Once the nozzle was on and covered, I started loading things up for the static test. With a motor this size, I knew I wanted the maximum protection during the test. So I went to our farm pond which is over 1/2 mile from anything. I set up the motor on one side of an earth berm, and I located my van, launch control box and test equipment on the other side.
Everything was prepped and ready, all clear, data was recording, cameras were recording. 5,4,3,2,1 and ignition!
I held my breath... Almost instantly the motor came to life, and it burned, and it burned, I watched the data coming
in on my computer screen. No large spikes, no inverted "V", a nice long burn. I breathed again, a big
sigh of relief, then one word. YES!
The first thing I did was to take a quick look at the data from the burn, again, it looked good. If anything, it had lower thrust, but a longer burn than expected. Which is really exactly what I wanted. Now I was anxious to get home and analyze the data, to see exactly how I did.
Not a very good picture, the video was all washed out. you can see more from the shadow on the ground.
I just looked at the video from my second camera, it was on the big bale of hay you see in the picture above. I didn't think the video would be any good because it was shooting into the sun, but it's not too bad so I'll include it below.
Click Here for the camera 2 video of the test. Divx AVI 990KB
The codec's for Divx can be found at: Windows 2000/XP http://www.divx.com/divx/play/download/
For Windows 98/ME: http://www.divx.com/divx/divx_v6_me98.php
Here is the thrust/time curve from the test.
And the Numbers:
Burn Time: 6.684 seconds, ~6.1
Burn Rate: .1434"/second
Peak Thrust: 273.34 pounds
Peak Chamber Pressure: ~470 psi
Total Impulse: 1,247.92 pound seconds
Isp: 131.61
As you may have gathered, I'm very pleased with the test results. These low burn rates and good Isp are exactly what I've been looking for in a sugar propellant. The Prelude waits, should be a really fun flight.

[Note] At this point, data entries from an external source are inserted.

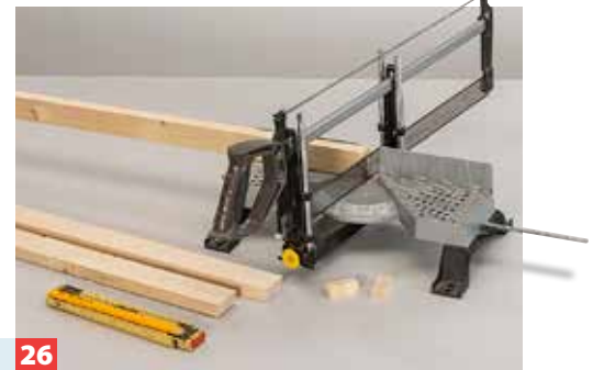
26 Anschließend längen Sie die Sitzlatten ab – die Kanten schneiden Sie parallel zum Winkel der Lehnenstützen leicht schräg zu.

Nur wenig Klebstoff ... ... an die Markierungen der ersten Latte auf den Quadratstäben geben.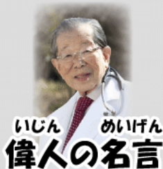
いじん めいげん 偉人の名言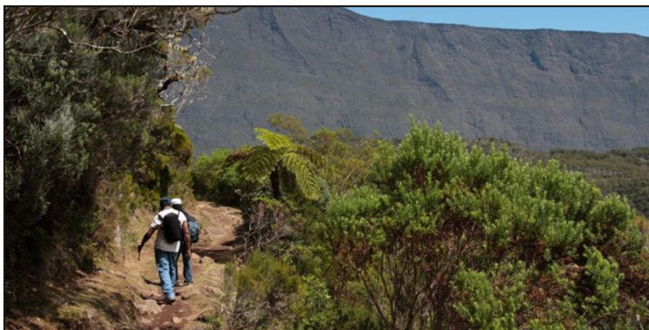
Mafate, un nom légué par les résistants à l'ordre établi qui est aujourd'hui celui d'un cœur de La Réunion.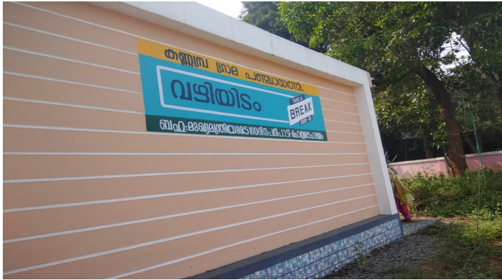
ടേക്ക് എ ബ്രേക്ക് കേന്ദ്രം

പ്രവൃത്തി പൂർത്തീകരിച്ചു എന്നറിയിച്ചതിന്റെ അടിസ്ഥാനത്തിൽ അസിസ്റ്റന്റ് എഞ്ചിനീയർ, ഓവർസിയർ, അസിസ്റ്റന്റ് സെക്രട്ടറി എന്നിവരുടെ സാന്നിധ്യത്തിൽ 24.12.2021ന് നടത്തിയ ഫീൽഡ് പരിശോധനയിൽ ടേക്ക് എ ബ്രേക്ക് കേന്ദ്രം പൂർത്തിയാക്കിയതായി കണ്ടു. മുറ്റം ടൈൽസ് പതിക്കാൻ അവശേഷിക്കുന്നുണ്ട്. ടേക്ക് എ ബ്രേക്ക് കേന്ദ്രം പ്രവർത്തനക്ഷമമാക്കിയിട്ടില്ല.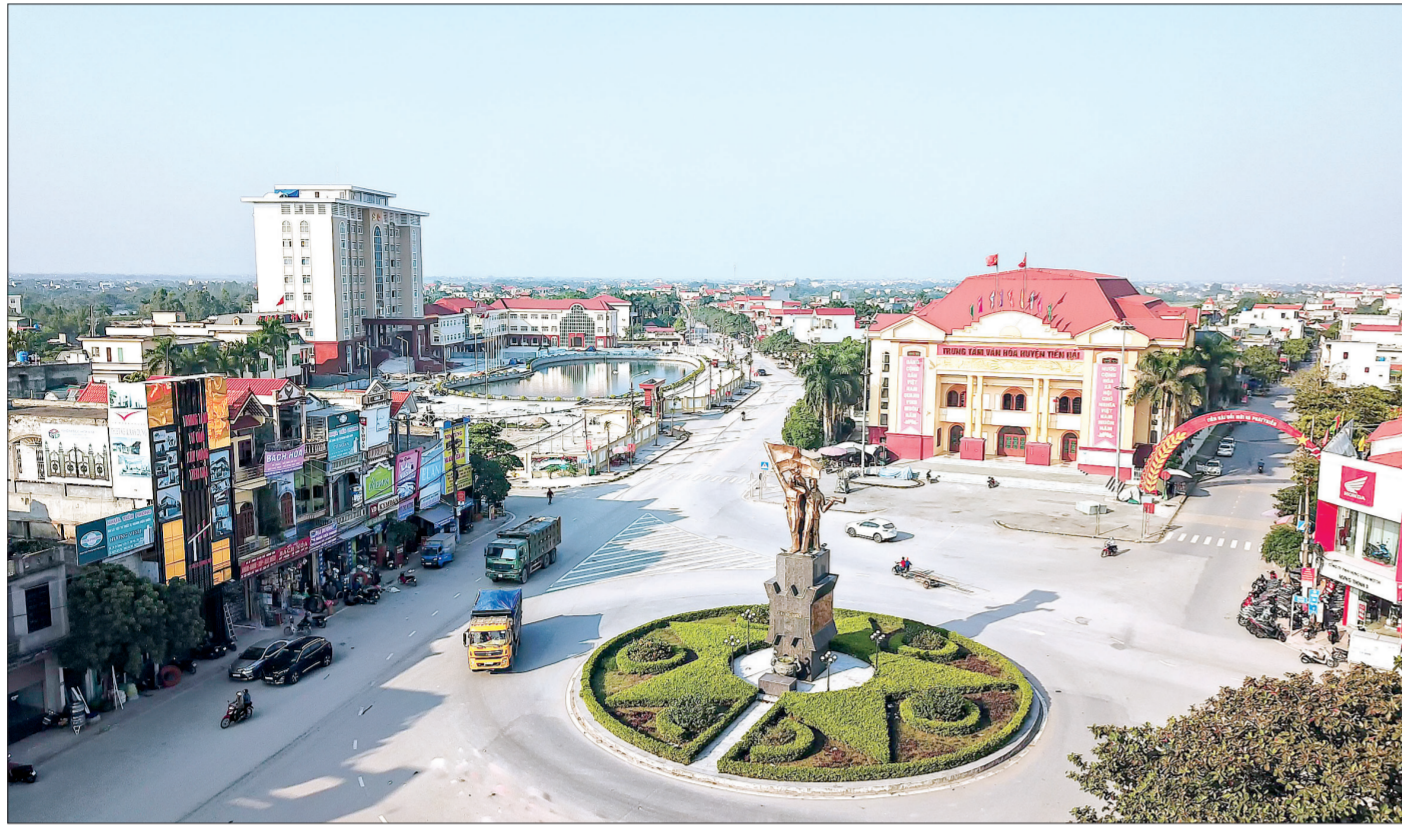
Thị trấn Tiên Hải - quê hương tiếng trống năm 1930.

Vừa mới thành lập, Đảng bộ Thái Bình đã phát động, lãnh đạo phong trào cách mạng sôi nổi, mạnh mẽ trong toàn tỉnh, điển hình là hai cuộc biểu tình “long trời lở đất” của nông dân Duyên Hà - Tiên Hưng (ngày 1/5/1930) và nông dân Tiên Hải (ngày 14/10/1930), đóng góp quan trọng cho phong trào cách mạng những năm 1930 - 1931 của Đảng.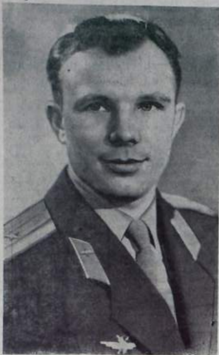
ГАГАРИН ЮРИЙ АЛЕКСЕЕВИЧ — первый в мире пилот-космонавт, совершивший 12 апреля 1961 года полет в корабле-спутнике «Восток».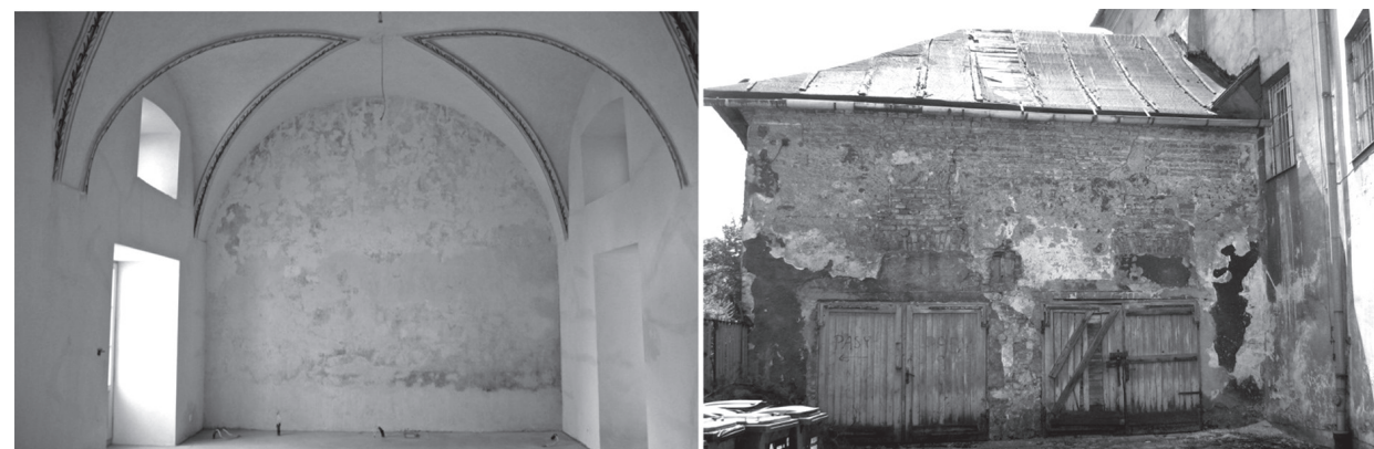
il. 4. Po lewej, wnętrze byłej kaplicy nagrobnej z XVIII w. – obecna część apartamentu; il. 5 po prawej, widok na byłą kaplicę przed przystąpieniem do prac w 2012 r. / il. 4 on the left, the interior of the former funerary chapel from the XVIII-th century – the present part of the apartment. ill. 5 on the right, view of the former chapel before commencing work in 2012

XIX-th century chapel, located in the corner of Koletek Street and Sukiennicza Street, after the de-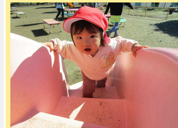
階段よしよよしよ！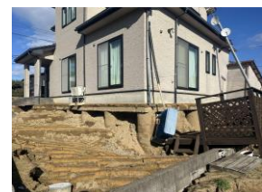
能登半島地震による金沢市内灘町液状化被害状況。

1月1日に発生した能登半島地震について、被害状況が多数報告されました。中でも、液状化による様々な被害が報告され、山地中腹での造成地液状化被害、海岸に近い砂質地盤での液状化被害が発生しています。住宅地盤保証会社では、今回の震災を受けて、今までの地盤判定及び地盤補強工事の対応が適切であったかを検証しています。香川県でも、塩田跡地また内陸部でも液状化の危険性が高い地域が多く存在します。当コンソーシアムでは、南海トラフ地震による液状化被害の減災に務める為、効率的な液状化被害の可能性判定を今後どのように進めるかを、各関係機関と協議を進めています。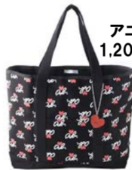
アニエスベー 1,200円(税込)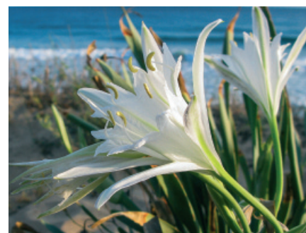
Albania: Giglio di Mare ( Pancretium maritima )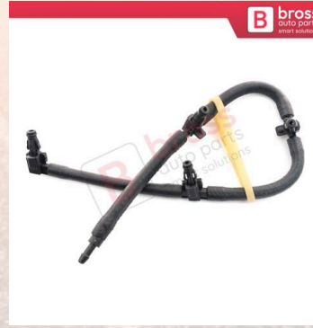
BHC640 Mercedes Sprinter Vito W639 için Geri Dönüş Hortumu 6510702432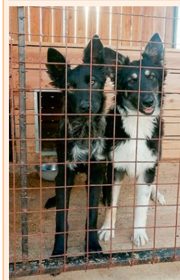
Девочки по кличке Ракета и Торпеда, 6 мес. Среднего размера, активные, ласковые. Ищут себе доброго хозяина.

Here's a photo of the motor liner removed after the test. It's really in pretty good shape for a 6 second burn. The Scotch tape holding the EPDM rubber is even intact. The nozzle shows a lot of heat discoloration, but no damage.
Here I cut the liner open, and you can see the casting tubes.
You can see a burn through of the EPDM lining after the far left grain. That is the grain next to the forward closure, which normally you wouldn't think would be prone to high heating. I think what happens with erythritol based propellant, is that at then end of the burn any small pieces of propellant left after thrust ends, drop down to the forward closure. Basically the Kn of the motor is too low for the propellant to completely burn, and it melts and drops down, where is sits and smolders for a while. I think that's where the residue I see comes from too. Although this test didn't result in a great amount of residue. I doubt if you'd see this phenomenon in a motor after a flight.
The forward closure also took the brunt of this slag propellant burning after the motor burn. I protected the forward closure with a layer of EPDM rubber glued to its surface with high temp RTV. While the EPDM rubber did burn through in some spots, the RTV was intact and protected the closure.
All in all, a very good test with no problems to be seen with the motor. The motor is ready to test again or fly.